Think of it this way, suppose you had a bunch of functions:
// Note that you don't need to name the array, since you don't
// actually reference the parameter at all.
size_t array_size(const int (&)[1])
{
return 1;
}
size_t array_size(const int (&)[2])
{
return 2;
}
size_t array_size(const int (&)[3])
{
return 3;
}
// etc...
Now when you call this, which function gets called?
int a[2];
array_size(a);
Now if you templatize the arraysize, you get:
template <int n>
size_t array_size(const int (&)[n])
{
return n;
}
The compiler will attempt to instantiate a version of array_size that matches whatever parameter you call it with. So if you call it with an array of 10 ints, it will instantiate array_size with n=10.
Next, just templatize the type, so you can call it with more than just int arrays:
template <typename T, int n>
size_t array_size(const T (&)[n])
{
return n;
}
And you're done.
Edit: A note about the (&)
The parentheses are needed around the &
to differentiate between array of int references (illegal) and reference to array of ints (what you want). Since the precedence of []
is higher than &
, if you have the declaration:
const int &a[1];
because of operator precedence, you end up with a one-element array of const references to int.

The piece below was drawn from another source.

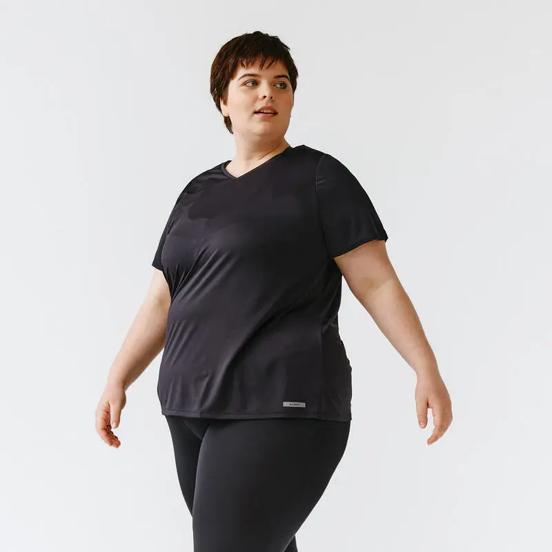 Compra en Decathlon Camiseta running manga corta transpirable talla grande Mujer Dry Hemos creado esta camiseta para ofrecerte una buena gestión del sudor y comodidad en tus movimientos durante tus salidas de running de bienestar.

If you want the &
applied first, you need to force that with parentheses:
const int (&a)[1];
Now the you have a const reference to a one element array of ints. In the function parameter list, you don't need to specify the name of a parameter if you don't use it, so you can drop the name, but keep the parentheses:
size_t array_size(const int (&)[1])
Nothing happens to the array. It's an unused parameter that is used to resolve the signature of the template function.
It also cannot be used as a template argument, but that's a separate nit.